The 4% Rule for Retiring

There are many ways to look at life. And even more ways to live it. For those of us who intend to live well into our 80s and 90s, however, one thing is clear. You have to prepare for your retirement.

Unless you’ve amassed generational wealth earlier in your life, your options could be limited to the size of your savings and/or investments. In either case, the way you utilize your funds shall determine how long they’ll fund the lifestyle you’ve prepared for. But with proper withdrawal strategy, investing allows money efficiency that savings simply cannot. Thus – lasting you longer.

Here’s where the 4% retirement rule comes in. This is a rule of thumb which dictates that a person shall withdraw no more than 4% of their investment portfolio in the first year of retirement, with every subsequent withdrawal adjusting for inflation. The historical returns on balanced investment portfolios have allowed for this strategy.


The 4% rule emerged in the mid-1990s, after a financial advisor called William Bengen sought a more efficient withdrawal pattern for retirees. He used the stock and bond return data from the 1926 – 1976 period to conclude that a 4% withdrawal during the retirement year and an inflation-adjusted withdrawal every subsequent year would suffice in most if not every economic scenario.

During his study, Bengen concluded that there’s been no historical market downturn in that specific time period that could exhaust a retirement portfolio with a 4% withdrawal rate.

Is the 4% rule still feasible today?

While Bill Bengen originally stated that 4% annual withdrawals would be sustainable no matter what the situation, there are several reasons why it no longer is so.

First, take in consideration the historically high inflation rates. Since the beginning of 2022 the already spiking inflation rates of 2021 have now skyrocketed, reaching peaks many countries haven’t witnessed for ages. Inflation in the UK is already closing in on the 10% mark, while some of the EU has been hit even harder. While the inflation rate is expected to simmer down in the coming years, the impact of this rapid rise will echo for some time still.

Another important factor is the unstable political environment in Europe, Middle East, Africa…you name it! Several military conflicts have plagued this planet for years, leaving undesirable financial effects in their wake. When these occurrences involve large countries that are simultaneously the largest suppliers of commodities, the following economic fall out can be felt by everyone and everyone’s investment portfolio.
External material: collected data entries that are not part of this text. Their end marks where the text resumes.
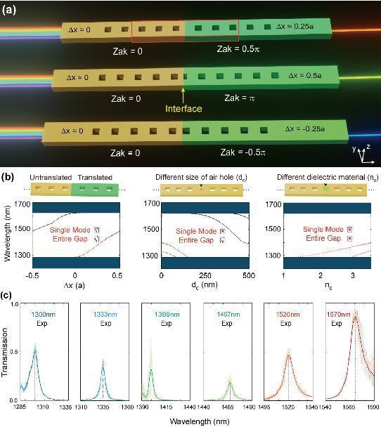研究團(tuán)隊(duì)將光子晶體納米橋中空氣孔的“平移參數(shù)”作為新的合成維度,提出了一種基于合成平移維度的片上拓?fù)涔庾泳w納米橋?yàn)V波器的設(shè)計(jì)方案。如圖1(a)所示,將不同平移量的光子晶體納米橋拼接形成拓?fù)涔庾泳w納米橋微腔。由于拼接處左右光子晶體具有不同的扎克相位(Zak phase),因此界面處支持局域腔模。進(jìn)一步改變拼接處右側(cè)光子晶體的平移量,從而實(shí)現(xiàn)了不同波長的光輸出?;诤铣善揭凭S度設(shè)計(jì)的拓?fù)涔庾泳w微腔相較于基于缺陷結(jié)構(gòu)的傳統(tǒng)光子晶體微腔具有多個(gè)優(yōu)勢(shì)。如圖1(b)所示,基于缺陷結(jié)構(gòu)的微腔存在腔模波長覆蓋范圍窄或非單波長濾波等問題。然而,基于合成平移維度的拓?fù)湮⑶唬ㄟ^空氣孔平移量的改變,微腔腔模可以覆蓋整個(gè)光子晶體禁帶帶隙(>300 nm,覆蓋光通信波段的大部分O波段,整個(gè)E,S,C波段以及大部分L波段)。且每個(gè)微腔僅支持單個(gè)腔模,可以實(shí)現(xiàn)單波長濾波。實(shí)驗(yàn)上,研究團(tuán)隊(duì)制備了具有不同平移量的片上拓?fù)涔庾泳w納米橋樣品,如圖1(c)所示的測(cè)量結(jié)果證實(shí)了片上拓?fù)涔庾泳w納米橋?yàn)V波器在寬波長范圍內(nèi)的選擇性單波長濾波。
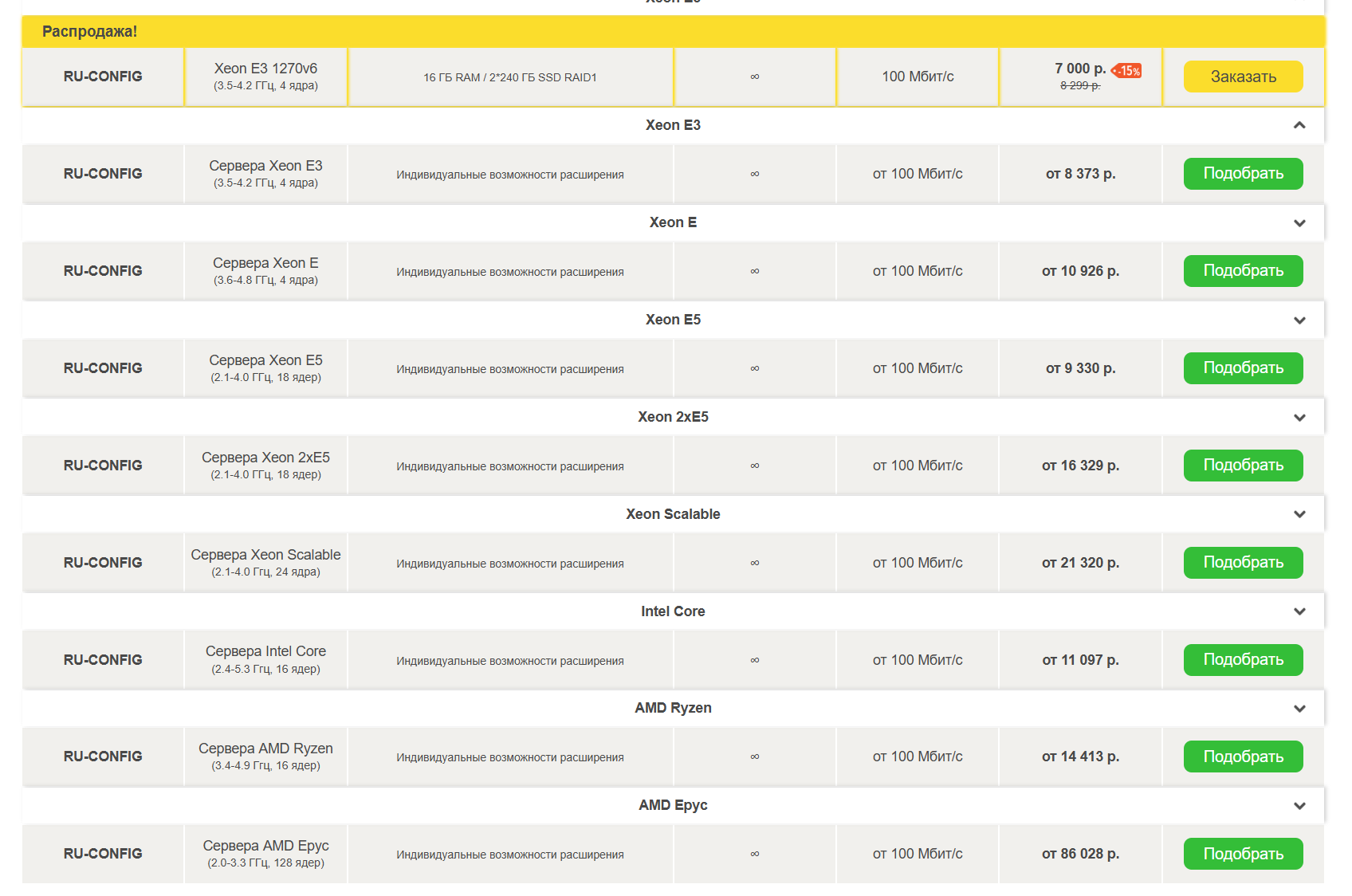 Выделенные сервера в РФ имеют следующие параметры и цены:
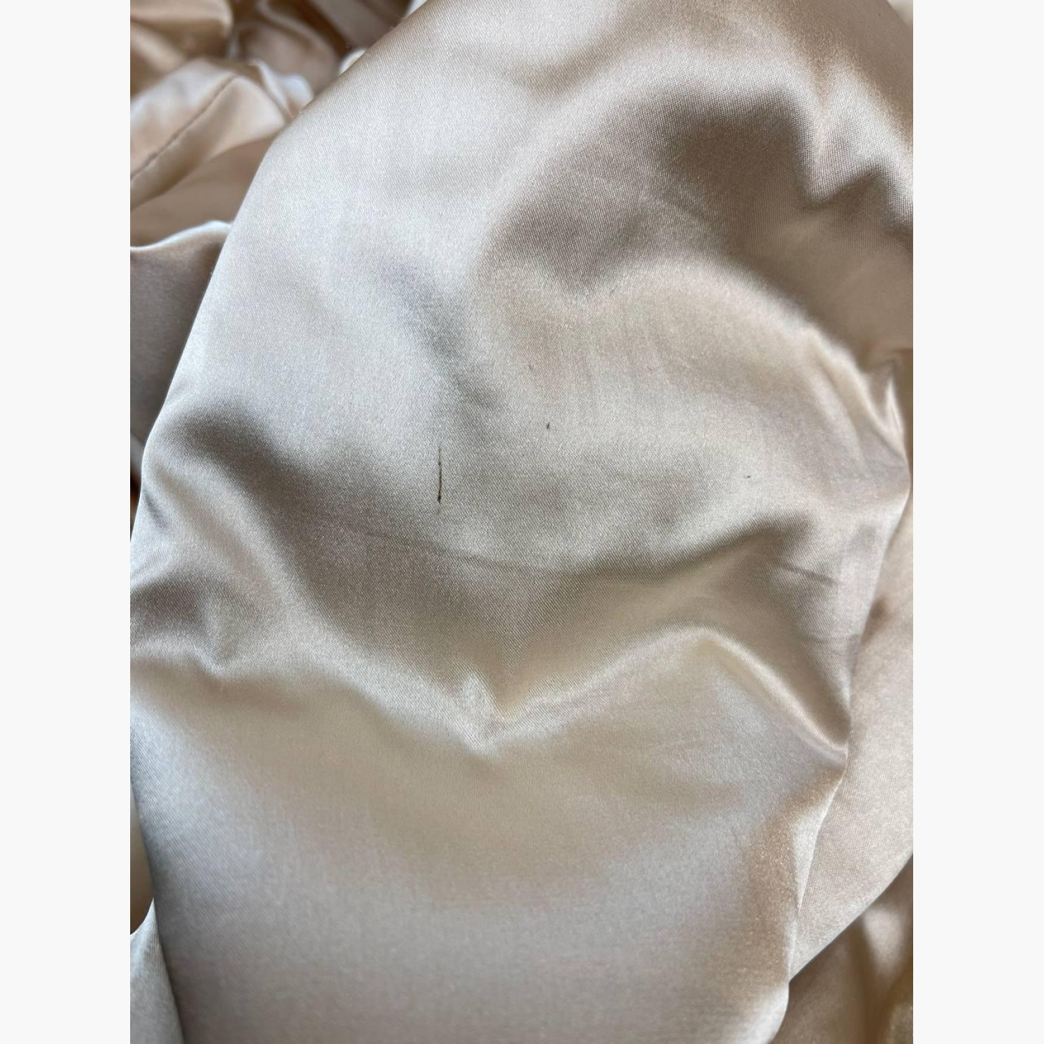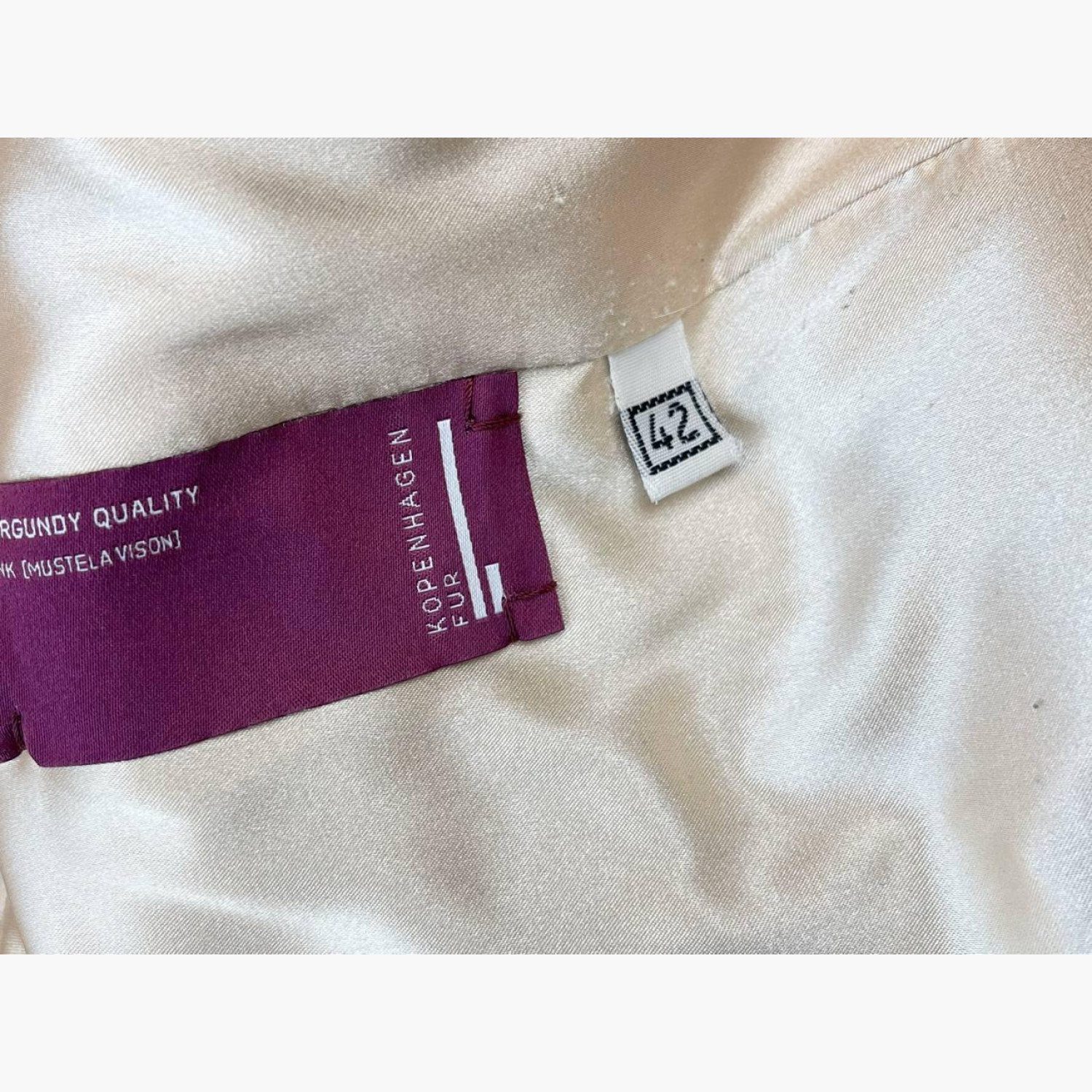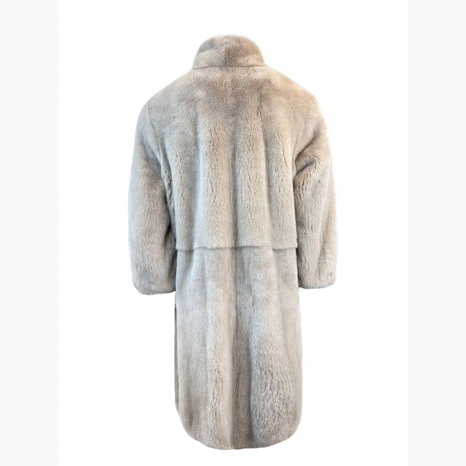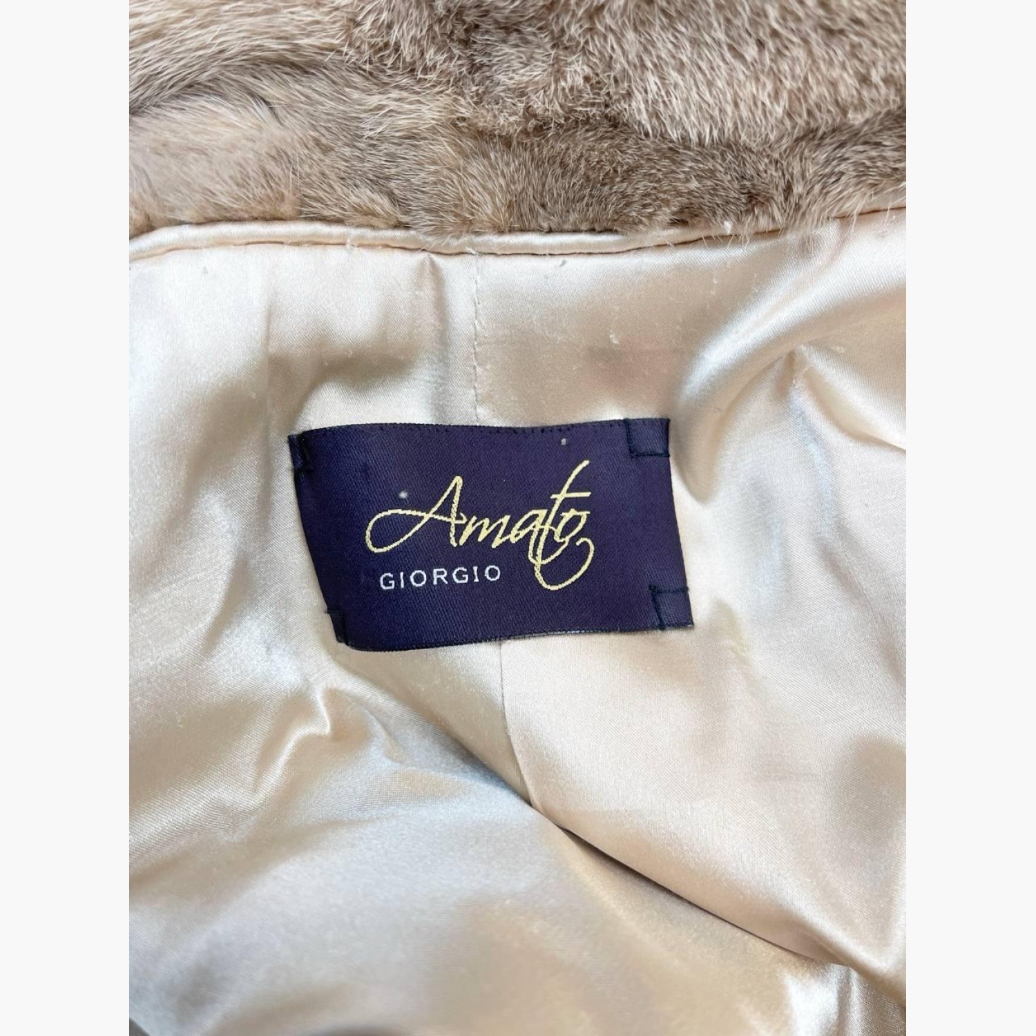 Light beige fur coat with a stand-up collar. In good condition, with snags and stains.

The data this rule is based on – while historically accurate – is clearly outdated. For example, during the reference period, bond returns were significantly higher than they are now. That alone can make the whole difference, especially during such market volatility as recently. With low bond returns, there has to be another asset to offset bad equity returns. Otherwise, a 4% withdrawal can quickly deplete a vulnerable portfolio.

So, what investment types fit best?

The 4% rule applies to a balanced portfolio, typically consisting of 50% stocks and 50% of bonds, even though Bengen himself used a 60/40 portfolio model in his research. The idea in this is quite clear – equity investments are the ‘breadwinners’ and bonds are your safeguard. And that has worked for decades. Until now. Market turmoil in combination with decreasing bond interest and high inflation has made short work of the traditional balanced portfolio, and investors around the globe in a way have to think outside the box. At least as far as balanced portfolios go.

This is why balanced portfolios should include other asset classes, too. For example, instead of having a 60/40 stock/bond portfolio, an investor could allocate 10-15% of their portfolios to real estate and gold, each. While each of these asset classes have solid return potential on their own, the idea here would be that both real estate and gold tend to do at least a little better during high inflation. That is an important characteristic for an asset to have, especially when stocks underperform at the same time as bonds have the lowest interest rates in years.

You can also use other asset classes to diversify and balance your portfolio. But, remember – the older you get, the safer your portfolio should be. While it’s impossible to be 100% safe from risks associated with investing, always remember to construct your portfolio in line with your risk tolerance and long term goals. Therefore, no – you probably shouldn’t buy cryptocurrencies or make other risky investments in your retirement.

The bottom-line

The 4% rule is a rigid rule to follow, and it should make your portfolio last at least 30 years if you do so. However, during times when the costs of living rise rapidly, 4% may be too short for some. And why even stick to a 4% rule if the historical returns on balanced portfolios exceed 8% annually?

Because of this, the 5% rule has once again re-emerged as the go-to rule of thumb of your retirement withdrawals. It is believed that a 5% initial withdrawal and inflation-adjusted withdrawals in the following years can still last you a long time, while at the same time allowing you to maintain a higher level of living.

Unfortunately, the 5% rule depends on the market doing well even more than the 4% rule does. In order, this makes the 5% rule less safe for a sustainable retirement portfolio.

Nevertheless, if you maintain a good portfolio balance and stick to your withdrawal plan without slipping up, the 4% rule should provide you a steady, inflation-adjustable source of income in your retirement. It might not be the most effective solution, especially if you incur  large, unexpected expenses that deplete your portfolio. However, if it’s not your only source of income during retirement (pension, social security), it can definitely bolster your level of life.